Our results confirm that the Carbon Ask can manifest in two different ways. The first is when resources are not produced, implying that the resource owner (and the firms and workers in its supply chain) lose the value of the foregone production. Even if some production occurs in a policy-constrained world, adverse impacts still occur if the price is less than it otherwise would have been. Both phenomena are present in our results. For example, in the case where oil production is not constrained by climate policy, about 4.4 trillion barrels are cumulatively produced at an average (undiscounted) price of $192 per barrel during the 100-year simulation period. In the 2 °C case, however, only 1.9 trillion barrels are produced at average price of $85 per barrel.
In addition, our results suggest that the impact of the Carbon Ask will be experienced differently across fuel types. In proportional terms, coal experiences the most significant effects, with 75 % of its economic value, and 82 % of its physical mass, being lost to the Ask. While oil suffers a smaller proportional deterioration in economic value (66 % versus coal’s 75 %), it suffers a much larger impact in absolute terms ($128 trillion versus $24 trillion). This reflects the relative size of the two industries; the value of oil revenues in the BAU case ($194 trillion) is six times larger than the value for coal ($32 trillion). Interestingly, at the end of the 100-year modeling period, only 3 % of gas resources remain underground in the 2 °C case relative to the BAU case, yet the reduction in economic value for gas is 48 %. The reason for the discrepancy lies in pricing. Gas commands an average (undiscounted) price of $7.84 per million BTU in 2 °C case but $13.74 in the BAU case.
The role of technology incumbents
Given the size of the Carbon Ask and the historical evidence on the politics of technological innovation, we would expect technology incumbents to exert political pressure to impede the transition to new technologies. Accordingly, we investigated industry reaction to the recently promulgated US Clean Power Plan (CPP) intended to reduce emissions from electric power plants—the country’s single biggest source of CO2 (EPA 2016). In particular, the CPP requires states to reduce emissions from coal- and gas-fired power plants (EPA 2015). Implicit in the CPP is a hierarchy of preferred strategies: increased energy efficiency, more renewable energy, and use of gas in lieu of coal. Coal suffers under all three strategies, while natural gas suffers under the first two, but benefits from the third.

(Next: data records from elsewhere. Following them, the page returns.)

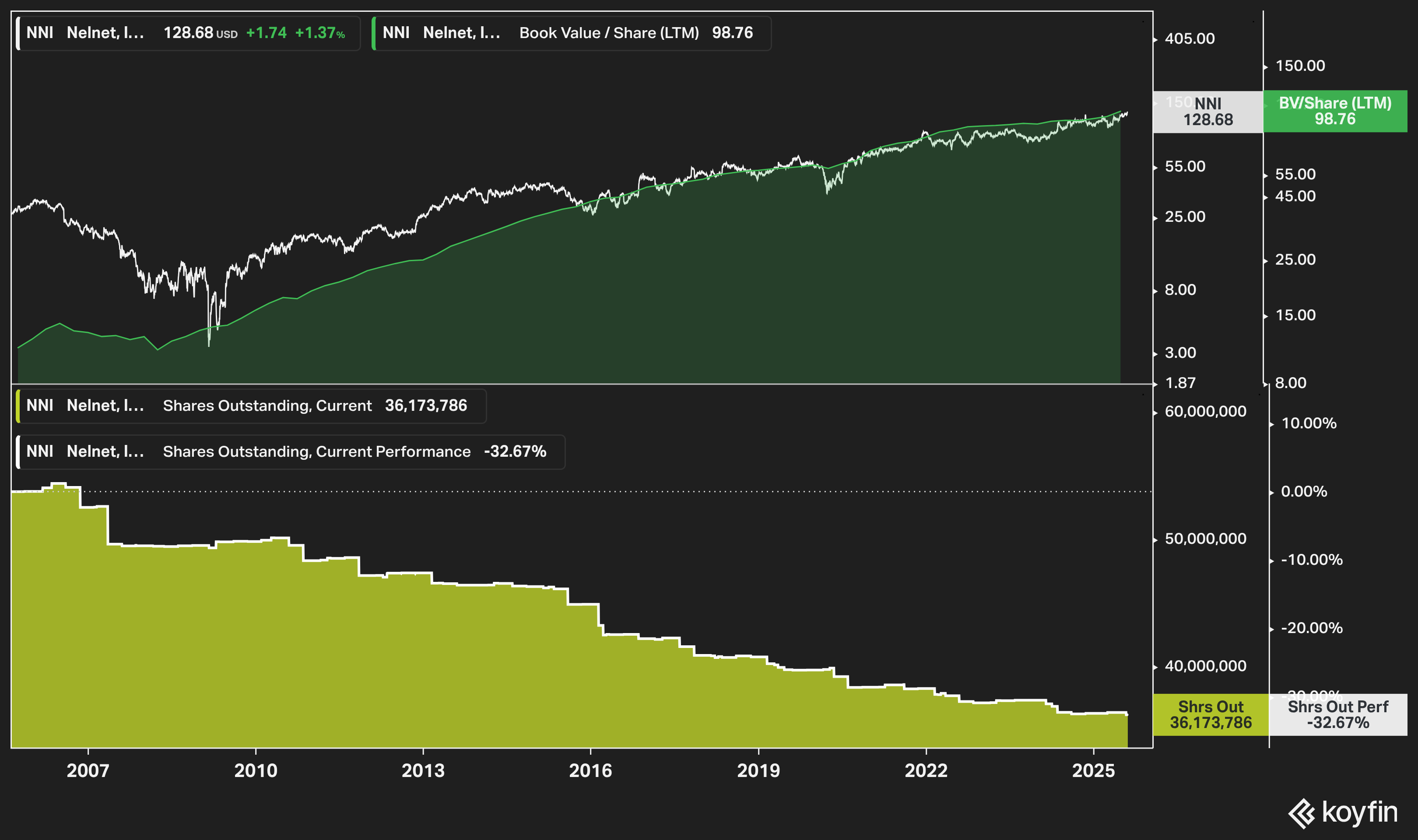 Over time, that combination has steadily driven book value per share higher while also returning capital to shareholders through buybacks and dividends.
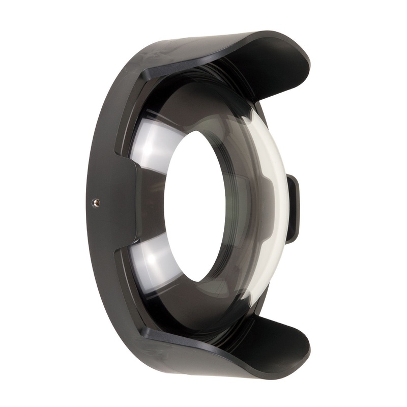 The injection molded acrylic 8-inch diameter dome is specifically designed for underwater photography to provide superior optical performance. Compared to a smaller 4- or 6-inch diameter dome, the larger diameter reduces edge distortion on pictures taken with certain super-wide angle lenses and makes shooting over-under shots (half-in, half-out of the water) easier. Domes are ideal underwater for shooting wide angle lenses. If you’re shooting a macro lens, we recommend using the Modular Glass Flat Front instead.
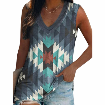 Женский винтажный жилет Rodeo с геометрическим принтом, V-образным вырезом, без рукавов
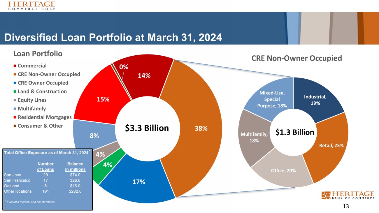 Loan Portfolio Attributes at the First Quarter 2024 • Excluding residential mortgage principal paydowns, loans increased $112.8 million, or 4% from a year ago. • Commercial and industrial line utilization was 28% compared to 31% a year ago. • Approximately 26% of the Company’s loan portfolio consisted of floating rate loans, compared to 31% a year ago. • There were 23 new Commercial Real Estate (CRE) loans originated in the first quarter of 2024 totaling $40 million with a weighted average LTV (1) and DSCR (2) for non - owner occupied of 51% and 1.84 times, respectively. • The weighted average LTV (1) and DSCR (2) for the non - owner occupied office portfolio were 42.6% and 1.83 times, respectively. • The average loan size for all CRE loans was $1.6 million, with the office CRE subsegment also at $1.6 million. • The Company has personal guarantees on 92% of its CRE portfolio. Many of the unguaranteed CRE loans were made to credit - worthy non - profit organizations. 12 (1) LTV is an abbreviation for Loan - to - Value (2) DSCR is an abbreviation for Debt Service Coverage Ratio
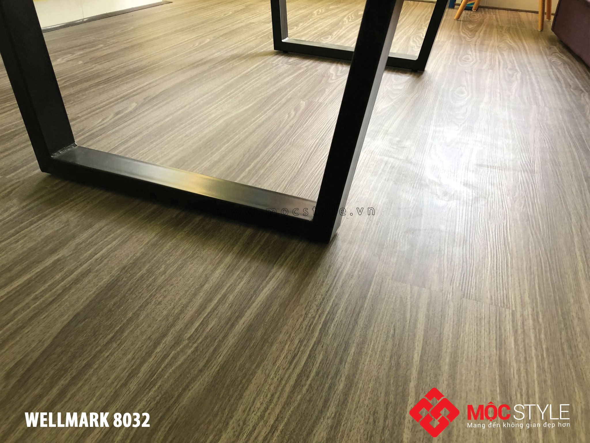 Sàn nhựa hèm khóa Wellmark 8032 được cấu tạo từ hạt nhựa nguyên sinh và bột đá nên có độ cứng chắc chắn giúp cho sàn ổn định khi được lót trên lớp xốp mà không cần phải dán keo hay đóng đinh xuống sàn.

Because 67 % of US electricity is generated with fossil fuels (EIA 2016), coal and natural gas are incumbent technologies. While non-hydropower renewable energy technologies (e.g., solar and wind) are increasing in scale, they are responsible for only 7 % of electricity generation (EIA 2016) and can be viewed as technology innovations that challenge incumbent coal- and gas-powered generation.
Twenty-seven states have sued the Environmental Protection Agency (EPA) to block the rule’s implementation (Environment & Energy Publishing 2016). Data are also available, by state, on the presence of in-state coal and gas reserves (EIA 2015a; EIA 2014a). If the core premise of this paper—that subsurface fossil fuel resources motivate efforts to impede policy to address climate change—is correct, we would expect to see a correlation between the presence of oil and gas reserves and a state’s decision to join the suit against EPA. As Table 9 demonstrates, such a pattern is indeed evident. If a state has coal reserves, it is more than twice as likely to have sued EPA to block the Clean Power Plan as a state with no coal reserves. A similar pattern holds for states with gas reserves. In both cases, the results are statistically significant at the 0.01 level.
Especially interesting is that fossil fuel interests have not limited their action to lobbying lawmakers and attempting to influence public opinion about the CPP but also appear to have activated the policy apparatus in these 27 states to take legal action on their behalf. Even as a first approximation of what is undoubtedly a complex phenomenon, this analysis provides evidence that fossil fuel incumbents are unlikely to surrender their markets without a fight.Footnote 10 It also confirms that political action is correlated with, if not motivated by, the presence of fossil fuel resources (i.e., the focal point of the Carbon Ask). Finally, resistance by industry incumbents to the technological changes required by the CPP is consistent with historical patterns described by Balalaeva, Comin and Hobijn, and Mokyr.
Technology transformation: market- or policy-driven?
Especially over the past two centuries, technological innovation has been a central feature in economic development, with radical advances across sectors such as agriculture, transportation, chemicals, medicine, manufacturing, information technology, and telecommunications. At first glance, such examples might be taken as evidence of the practicality of achieving decarbonization of the world’s energy sector. In most cases, however, these changes were not the intentional result of government policy but are examples of Schumpeter’s “creative destruction” in which a new technology with superior performance and/or lower costs pushed aside an incumbent technology or business practice and succeeded in the market because it created superior value for its users.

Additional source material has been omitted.